=== EXERCISE PROMPT ===
As written and without pictures, set down the lines from the one that contains "质量(参考)g1650161" through the end of the data.

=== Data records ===
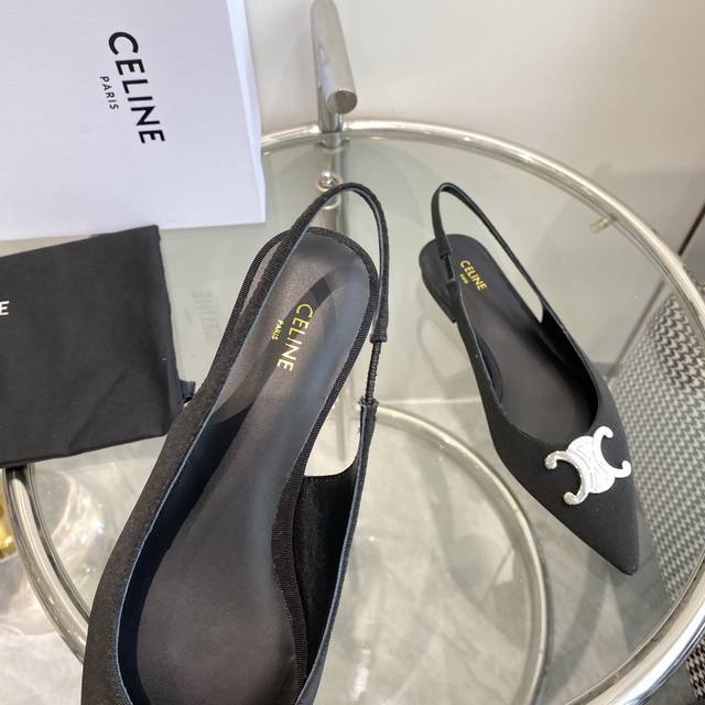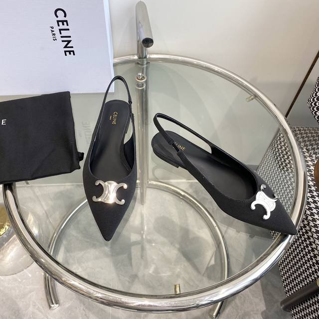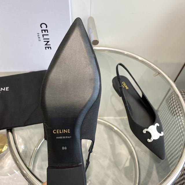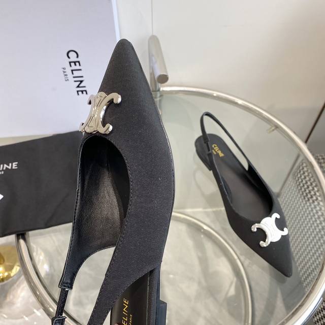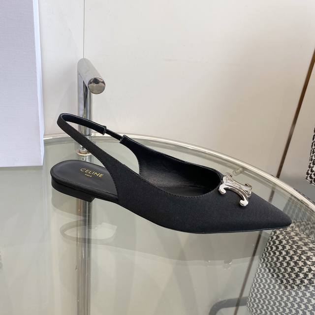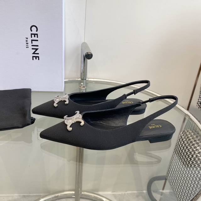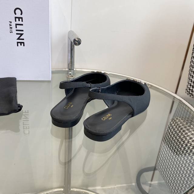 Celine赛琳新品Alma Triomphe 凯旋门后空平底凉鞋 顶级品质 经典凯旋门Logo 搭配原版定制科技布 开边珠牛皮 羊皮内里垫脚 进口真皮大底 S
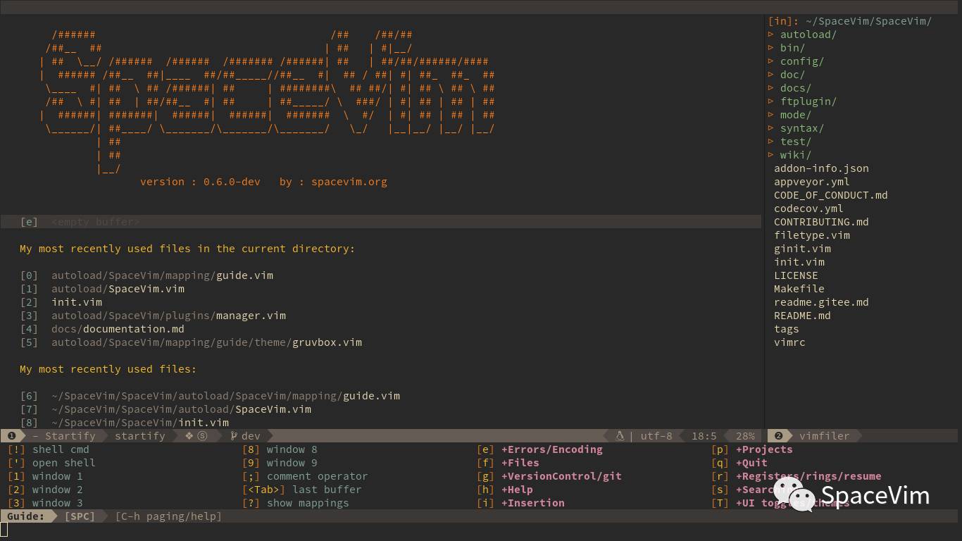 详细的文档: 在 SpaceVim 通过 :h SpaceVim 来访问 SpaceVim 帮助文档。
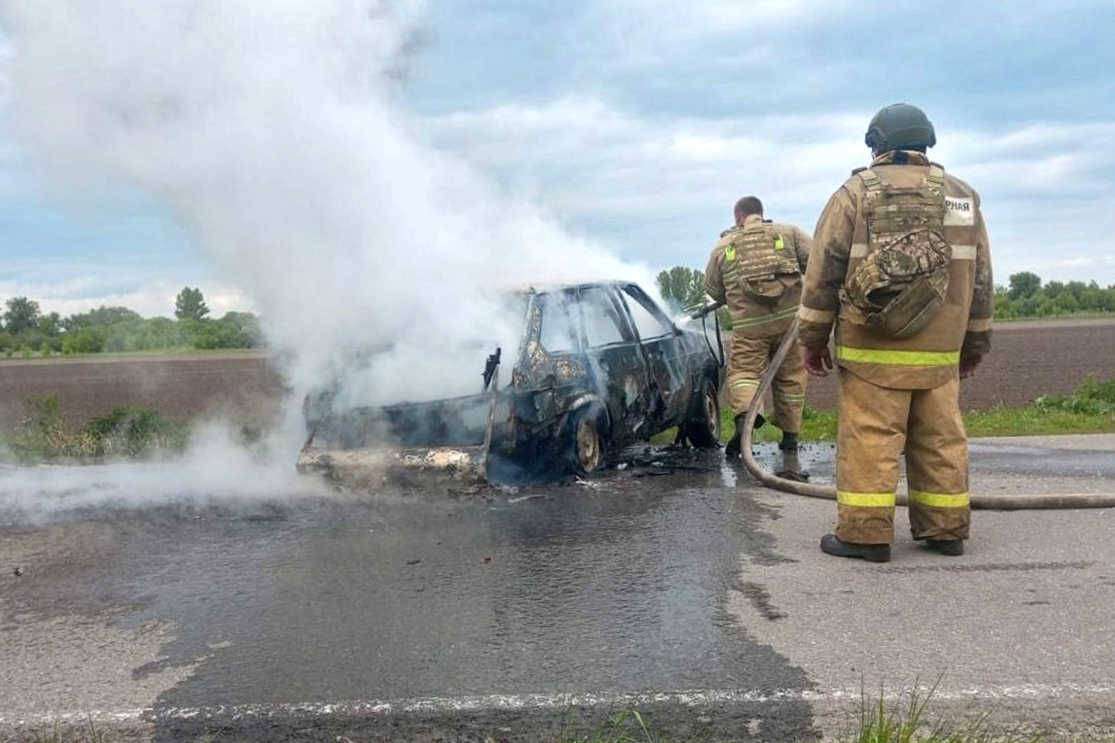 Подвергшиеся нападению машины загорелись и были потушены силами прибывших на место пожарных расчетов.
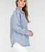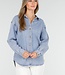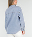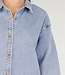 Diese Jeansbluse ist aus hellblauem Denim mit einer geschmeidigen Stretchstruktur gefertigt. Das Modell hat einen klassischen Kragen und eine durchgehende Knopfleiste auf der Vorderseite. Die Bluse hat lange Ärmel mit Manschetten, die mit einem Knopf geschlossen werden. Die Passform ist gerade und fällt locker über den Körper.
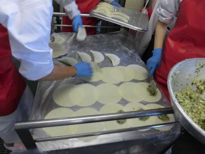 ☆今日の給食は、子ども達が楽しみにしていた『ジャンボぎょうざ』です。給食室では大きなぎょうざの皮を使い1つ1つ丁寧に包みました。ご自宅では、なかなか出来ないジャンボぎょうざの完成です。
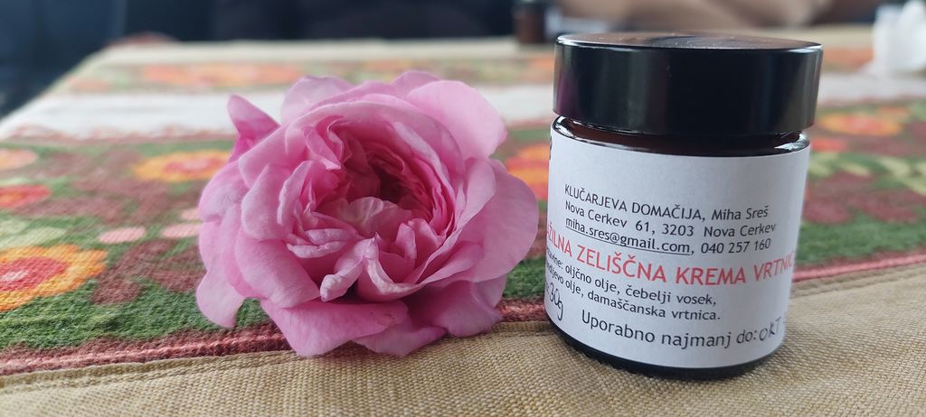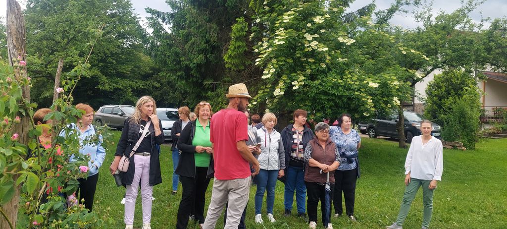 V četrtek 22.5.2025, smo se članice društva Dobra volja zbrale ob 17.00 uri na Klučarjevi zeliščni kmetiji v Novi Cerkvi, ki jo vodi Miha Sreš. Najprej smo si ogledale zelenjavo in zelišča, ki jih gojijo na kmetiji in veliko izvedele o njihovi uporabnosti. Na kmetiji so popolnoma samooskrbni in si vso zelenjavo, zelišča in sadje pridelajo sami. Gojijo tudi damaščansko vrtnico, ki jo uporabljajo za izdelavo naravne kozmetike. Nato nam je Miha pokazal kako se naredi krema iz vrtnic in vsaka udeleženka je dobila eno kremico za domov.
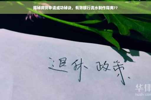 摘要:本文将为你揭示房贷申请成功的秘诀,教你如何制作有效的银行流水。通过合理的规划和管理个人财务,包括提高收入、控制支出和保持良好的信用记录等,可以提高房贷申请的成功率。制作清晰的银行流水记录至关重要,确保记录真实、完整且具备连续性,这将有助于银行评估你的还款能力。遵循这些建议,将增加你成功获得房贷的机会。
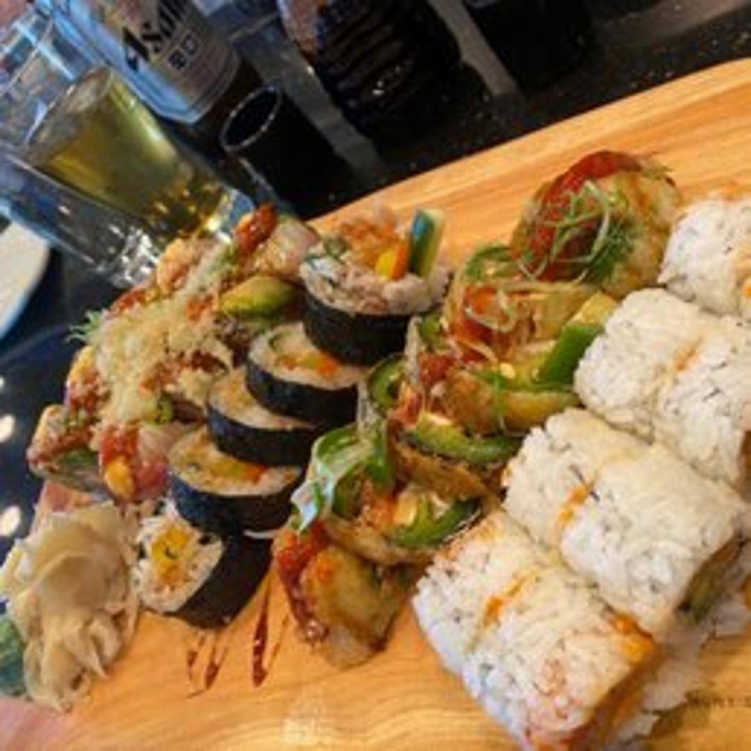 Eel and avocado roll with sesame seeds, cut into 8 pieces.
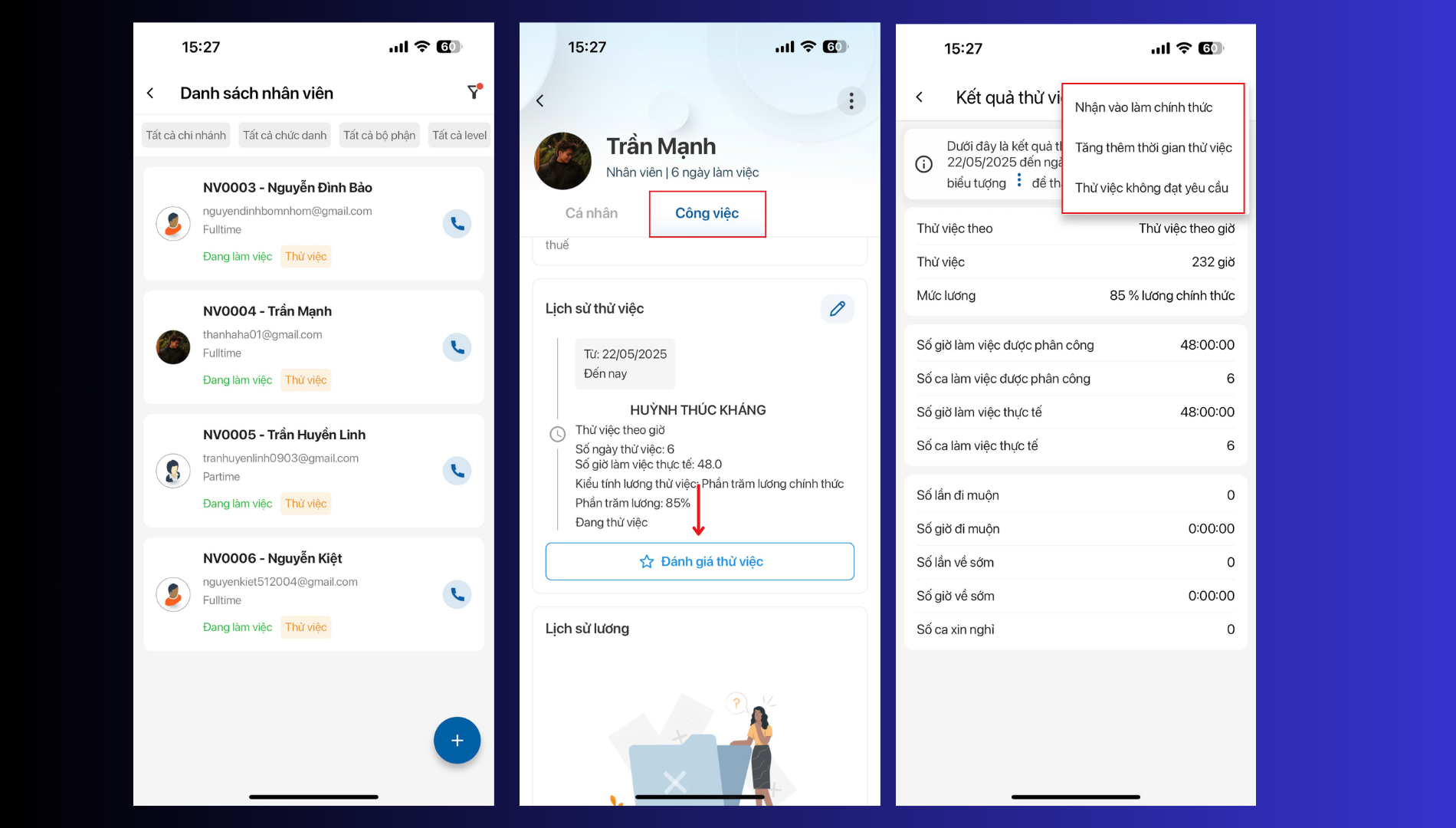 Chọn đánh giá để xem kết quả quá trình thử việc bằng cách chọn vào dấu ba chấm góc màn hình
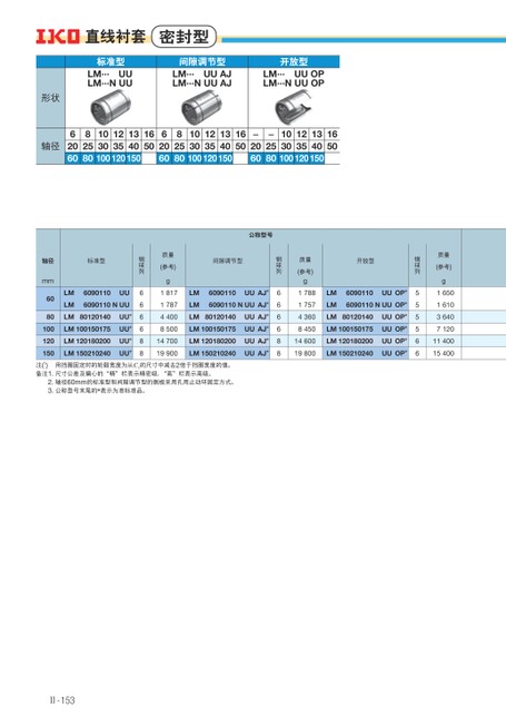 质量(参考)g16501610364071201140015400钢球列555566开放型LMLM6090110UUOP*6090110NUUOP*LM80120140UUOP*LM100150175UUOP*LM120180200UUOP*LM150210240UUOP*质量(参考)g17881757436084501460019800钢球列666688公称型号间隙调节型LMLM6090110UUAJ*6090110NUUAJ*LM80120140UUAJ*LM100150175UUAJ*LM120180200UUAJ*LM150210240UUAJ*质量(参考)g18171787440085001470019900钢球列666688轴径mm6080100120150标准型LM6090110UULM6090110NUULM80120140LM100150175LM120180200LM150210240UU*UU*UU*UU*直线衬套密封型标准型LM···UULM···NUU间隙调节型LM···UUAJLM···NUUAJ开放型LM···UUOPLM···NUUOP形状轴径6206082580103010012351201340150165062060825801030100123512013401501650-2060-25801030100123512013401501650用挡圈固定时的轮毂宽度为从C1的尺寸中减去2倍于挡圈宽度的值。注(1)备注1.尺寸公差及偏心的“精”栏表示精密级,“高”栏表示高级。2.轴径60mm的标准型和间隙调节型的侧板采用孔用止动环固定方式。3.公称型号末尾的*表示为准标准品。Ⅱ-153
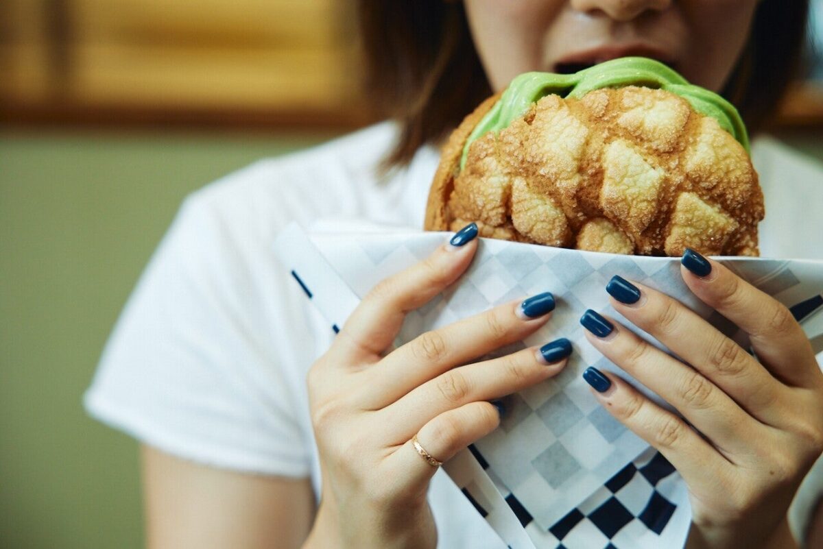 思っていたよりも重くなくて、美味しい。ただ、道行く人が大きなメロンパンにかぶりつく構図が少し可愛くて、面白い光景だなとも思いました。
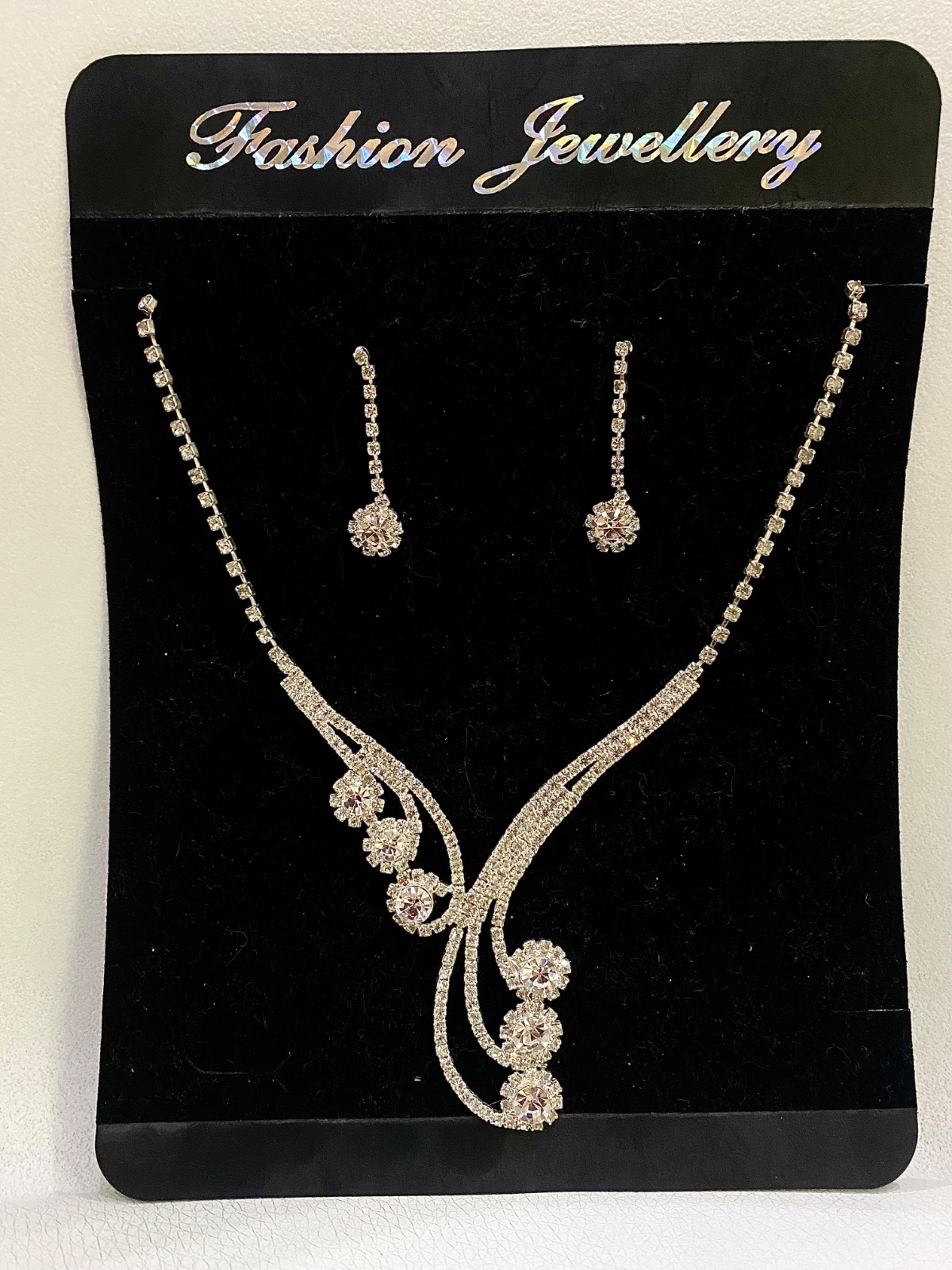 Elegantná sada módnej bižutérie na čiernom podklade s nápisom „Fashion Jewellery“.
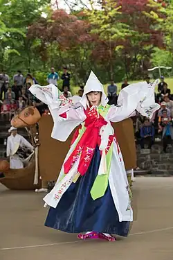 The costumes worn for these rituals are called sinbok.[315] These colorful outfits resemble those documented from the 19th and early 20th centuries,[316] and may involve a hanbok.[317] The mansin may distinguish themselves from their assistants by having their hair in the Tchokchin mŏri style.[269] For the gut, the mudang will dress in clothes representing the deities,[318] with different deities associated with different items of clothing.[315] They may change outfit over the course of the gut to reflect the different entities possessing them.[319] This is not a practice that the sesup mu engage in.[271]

=== ANSWER BOX ===
 质量(参考)g16501610364071201140015400钢球列555566开放型LMLM6090110UUOP*6090110NUUOP*LM80120140UUOP*LM100150175UUOP*LM120180200UUOP*LM150210240UUOP*质量(参考)g17881757436084501460019800钢球列666688公称型号间隙调节型LMLM6090110UUAJ*6090110NUUAJ*LM80120140UUAJ*LM100150175UUAJ*LM120180200UUAJ*LM150210240UUAJ*质量(参考)g18171787440085001470019900钢球列666688轴径mm6080100120150标准型LM6090110UULM6090110NUULM80120140LM100150175LM120180200LM150210240UU*UU*UU*UU*直线衬套密封型标准型LM···UULM···NUU间隙调节型LM···UUAJLM···NUUAJ开放型LM···UUOPLM···NUUOP形状轴径6206082580103010012351201340150165062060825801030100123512013401501650-2060-25801030100123512013401501650用挡圈固定时的轮毂宽度为从C1的尺寸中减去2倍于挡圈宽度的值。注(1)备注1.尺寸公差及偏心的“精”栏表示精密级,“高”栏表示高级。2.轴径60mm的标准型和间隙调节型的侧板采用孔用止动环固定方式。3.公称型号末尾的*表示为准标准品。Ⅱ-153
 思っていたよりも重くなくて、美味しい。ただ、道行く人が大きなメロンパンにかぶりつく構図が少し可愛くて、面白い光景だなとも思いました。
 Elegantná sada módnej bižutérie na čiernom podklade s nápisom „Fashion Jewellery“.
 The costumes worn for these rituals are called sinbok.[315] These colorful outfits resemble those documented from the 19th and early 20th centuries,[316] and may involve a hanbok.[317] The mansin may distinguish themselves from their assistants by having their hair in the Tchokchin mŏri style.[269] For the gut, the mudang will dress in clothes representing the deities,[318] with different deities associated with different items of clothing.[315] They may change outfit over the course of the gut to reflect the different entities possessing them.[319] This is not a practice that the sesup mu engage in.[271]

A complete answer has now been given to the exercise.